*DIRECTIONS FOR THIS TASK*. Lines that contain "были" are to be copied from the material, every one of them.

*DATA RECORDS*.
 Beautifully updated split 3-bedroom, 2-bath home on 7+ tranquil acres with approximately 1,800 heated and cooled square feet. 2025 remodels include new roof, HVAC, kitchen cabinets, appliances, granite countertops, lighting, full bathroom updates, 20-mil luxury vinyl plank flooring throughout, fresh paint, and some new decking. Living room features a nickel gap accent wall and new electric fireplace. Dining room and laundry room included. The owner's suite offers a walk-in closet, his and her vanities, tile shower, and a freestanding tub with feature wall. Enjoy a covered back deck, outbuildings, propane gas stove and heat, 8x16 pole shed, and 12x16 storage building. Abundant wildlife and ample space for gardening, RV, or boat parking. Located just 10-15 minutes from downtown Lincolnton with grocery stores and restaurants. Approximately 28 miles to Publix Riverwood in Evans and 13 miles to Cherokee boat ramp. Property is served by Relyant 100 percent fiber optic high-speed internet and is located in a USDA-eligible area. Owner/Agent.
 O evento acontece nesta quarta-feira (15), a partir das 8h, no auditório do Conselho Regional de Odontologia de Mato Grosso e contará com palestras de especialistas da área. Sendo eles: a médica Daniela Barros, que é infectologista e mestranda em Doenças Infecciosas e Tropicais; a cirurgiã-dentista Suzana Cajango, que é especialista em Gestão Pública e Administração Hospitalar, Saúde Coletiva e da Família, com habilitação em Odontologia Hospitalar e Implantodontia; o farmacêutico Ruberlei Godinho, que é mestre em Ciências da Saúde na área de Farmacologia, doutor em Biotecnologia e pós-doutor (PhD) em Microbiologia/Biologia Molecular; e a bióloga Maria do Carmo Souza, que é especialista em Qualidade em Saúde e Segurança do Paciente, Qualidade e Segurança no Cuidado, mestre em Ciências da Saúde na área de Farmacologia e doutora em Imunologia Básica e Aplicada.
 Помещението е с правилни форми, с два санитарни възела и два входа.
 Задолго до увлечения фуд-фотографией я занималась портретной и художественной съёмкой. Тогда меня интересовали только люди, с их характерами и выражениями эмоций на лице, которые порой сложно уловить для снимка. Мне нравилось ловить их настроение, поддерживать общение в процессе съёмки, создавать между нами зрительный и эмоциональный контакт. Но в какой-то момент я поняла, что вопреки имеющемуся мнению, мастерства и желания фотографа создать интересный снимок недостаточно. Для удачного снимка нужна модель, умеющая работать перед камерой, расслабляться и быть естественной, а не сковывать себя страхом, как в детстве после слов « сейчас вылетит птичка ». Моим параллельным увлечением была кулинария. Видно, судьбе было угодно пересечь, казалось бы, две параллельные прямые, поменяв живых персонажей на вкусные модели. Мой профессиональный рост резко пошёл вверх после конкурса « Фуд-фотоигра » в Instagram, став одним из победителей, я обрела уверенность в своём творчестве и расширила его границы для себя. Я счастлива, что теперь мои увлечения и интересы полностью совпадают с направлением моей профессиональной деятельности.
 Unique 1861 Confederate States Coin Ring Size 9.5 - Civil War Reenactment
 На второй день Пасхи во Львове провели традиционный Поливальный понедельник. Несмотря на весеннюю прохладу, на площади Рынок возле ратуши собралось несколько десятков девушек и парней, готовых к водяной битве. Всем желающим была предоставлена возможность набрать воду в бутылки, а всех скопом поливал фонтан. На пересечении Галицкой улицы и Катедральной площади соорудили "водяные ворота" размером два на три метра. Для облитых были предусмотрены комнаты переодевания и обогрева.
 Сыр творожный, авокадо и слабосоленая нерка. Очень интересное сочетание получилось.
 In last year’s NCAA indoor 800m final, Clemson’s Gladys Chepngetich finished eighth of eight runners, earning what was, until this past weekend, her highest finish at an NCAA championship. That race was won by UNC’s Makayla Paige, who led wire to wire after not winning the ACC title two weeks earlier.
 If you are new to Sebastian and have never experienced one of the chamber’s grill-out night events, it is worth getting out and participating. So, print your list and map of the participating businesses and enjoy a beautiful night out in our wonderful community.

==

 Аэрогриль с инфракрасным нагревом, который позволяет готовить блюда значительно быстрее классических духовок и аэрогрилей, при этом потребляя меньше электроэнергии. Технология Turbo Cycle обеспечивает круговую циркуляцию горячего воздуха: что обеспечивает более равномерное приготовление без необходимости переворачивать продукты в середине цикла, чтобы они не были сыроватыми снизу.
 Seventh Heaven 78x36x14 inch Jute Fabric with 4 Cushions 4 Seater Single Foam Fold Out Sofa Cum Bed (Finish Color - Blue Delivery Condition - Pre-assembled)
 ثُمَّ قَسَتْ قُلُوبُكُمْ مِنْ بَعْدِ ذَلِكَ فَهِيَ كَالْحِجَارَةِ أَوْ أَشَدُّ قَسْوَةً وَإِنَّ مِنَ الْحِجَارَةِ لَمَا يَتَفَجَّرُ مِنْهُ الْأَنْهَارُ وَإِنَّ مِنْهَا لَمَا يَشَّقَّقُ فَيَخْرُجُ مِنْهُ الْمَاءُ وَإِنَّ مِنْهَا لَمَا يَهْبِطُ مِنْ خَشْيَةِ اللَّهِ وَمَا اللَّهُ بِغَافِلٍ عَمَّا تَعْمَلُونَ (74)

*WORKED SOLUTION*.
 На второй день Пасхи во Львове провели традиционный Поливальный понедельник. Несмотря на весеннюю прохладу, на площади Рынок возле ратуши собралось несколько десятков девушек и парней, готовых к водяной битве. Всем желающим была предоставлена возможность набрать воду в бутылки, а всех скопом поливал фонтан. На пересечении Галицкой улицы и Катедральной площади соорудили "водяные ворота" размером два на три метра. Для облитых были предусмотрены комнаты переодевания и обогрева.
 Аэрогриль с инфракрасным нагревом, который позволяет готовить блюда значительно быстрее классических духовок и аэрогрилей, при этом потребляя меньше электроэнергии. Технология Turbo Cycle обеспечивает круговую циркуляцию горячего воздуха: что обеспечивает более равномерное приготовление без необходимости переворачивать продукты в середине цикла, чтобы они не были сыроватыми снизу.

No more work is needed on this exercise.